It is Thursday, so it must time for the update. Now this is the weekly update on the weight loss thing, last Thursday my measurements were
Hips 52, waist 43, Breasts 45.
Hips 52 (no change there….drat)
Waist 41 (HOO FUCKING RAY!!!)
Breasts 44 (HELLS YEAH)
okay so that is a tangible result!
I am over the motherloving moon here. about ready to scream, not in the same way say if I had topped the NYT’s best seller, but you know…I’m not The Bloggess, so I am good with that. This makes me stupidly happy for her, insanely jealous of all those that got to meet her, but beyond that I am good! I got into a fight with the guy at Barnes and Nobles, when I couldn’t find her book. They had it sort of hidden behind other “more normal” books. They all glared at me like I was insane I kept ranting “IT HAS A DEAD MOUSE ON THE COVER FOR CRYING OUT LOUD”. I think they worried about my sanity,
I got home, and instantly started that sort of manic coughing that comes from mildly insane laughter. Because -her vagina is wily-. I almost peed my pants.

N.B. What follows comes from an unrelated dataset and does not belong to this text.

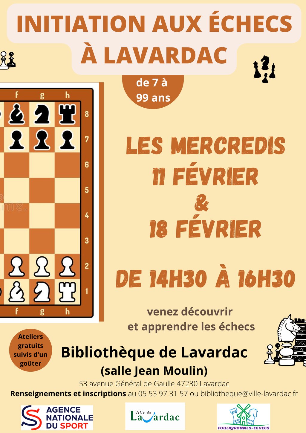 Les passionnés d'échecs, débutants ou confirmés, sont invités à participer aux ateliers d'échecs gratuits organisés par la Bibliothèque de Lavardac ! Deux sessions auront lieu les 11 et 18 février, salle Jean Moulin (à droite de la mairie).
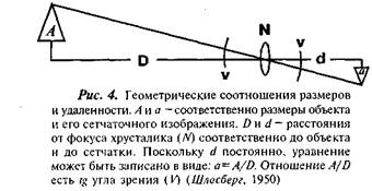 Знание гороптера важно для полного математического анализа определенных аспектов восприятия глубины (Гельмгольц, 1925; Огл., 1950), но для большинства из нас, к счастью, достаточно поверхностного знакомства с этим сложным вопросом. Двигательный параллакс В общем случае параллакс — это изменение положения объекта, вызванное изменением положения наблюдателя. Бинокулярный параллакс обусловлен небольшим различием в положении обоих глаз. При смещении головы на 15 ел в сторону имеет место значительно больший параллакс. Такое смещение дает очень разные картины объекта, но поскольку они не одновременны, отчетливого стереоскопического бинокулярного эффекта при этом получить невозможно. Однако во время движения мы, действительно, получаем ясные впечатления об относительной скорости объектов. Когда мы смещаемся вправо, все объекты движутся влево, однако угловое смещение отдаленных объектов значительно меньше, чем ближних (чисто геометрический эффект). Глаза наблюдателя не остаются пассивными при движении головы или тела. Они фиксируют некоторый объект и удерживают фиксацию на нем с помощью компенсаторных прослеживающих движений. Если фиксировать объект, находящийся на среднем расстоянии и при этом двигать голову вправо, то изображения всех более близких объектов будут перемещаться по сетчатке в одном направлении, а всех более далеких — в противоположном. Все далекие объекты как бы следуют за вами, тогда как ближние перемещаются вам навстречу. При этом чем ближе объект, тем "больше скорость его относительного встречного движения. Наоборот, чем объект дальше, тем больше скорость его относительного сопровождающего движения. Мы не знаем, насколько используется этот великолепный признак глубины. В лесу или в другом подобном месте расстояния как бы оживают, как только мы начинаем двигаться. При быстрой езде на автомобиле оживают даже дали. Размер как признак глубины Знакомый размер объекта является хорошим признаком его удаленности. Этот признак, как и рассмотренные нами выше, базируется па свойствах треугольника. На рис. 4 действительный размер объекта —A, D — его удаленность, а — величина сетчаточ-ного изображения, d — расстояние от точки пересечения всех лучей (центра линзы) до сетчатки. Таким образом, мы имеем два подобных треугольника, в которых ajd =A/D. Когда человек смотрит на объект, размеры and заданы, даже если он этого неосознает. Размер его глазного яблока можно принять за единицу; тогда из уравнения следует, что а = A/D. Величина сетчаточного изображения, по-видимому, как-то регистрируется нервной системой. Если человек знает реальный размер (А) объекта, он может, решив уравнение, получить расстояние до него (D). Поскольку мы, действительно, знаем размеры многих объектов, вполне возможно, что мы пользуемся этим при оценке расстояний. Сюда же относятся многие признаки, используемые художниками для изображения глубины. Относительный размер, линейная перспектива, положение в поле зрения — все это может быть сведено к той же самой основной формуле. Например, железнодорожные шпалы представляют собой серию объектов известного (и одинакового) размера, дающих постепенно уменьшающиеся ретинальные изображения. Поскольку А остается постоянным, а а уменьшается, из уравнения следует увеличение D. Таким образом, полотно воспринимается ух

alright I did pee my pants. because I found in her someone who while my dad had never done the live bob cat thing he HAD exploded stink bait all over a neighbors Garments (We lived in a Mormon area …). My mom thought I had lost my mind, my daughter kept stepping back slowly. The only one that stood by me, was my dog. Bless her heart, thank god for the loyalty of Winnie.
So what does this have to do with anything? My friend Jennie, you know @myhumanrevo, the writer at myhuman revolution she is giving away a signed copy of this book. GO ENTER!!! I am commanding you. Alright no I’m not commanding you. but I am suggesting it with a lot of enthusiasm.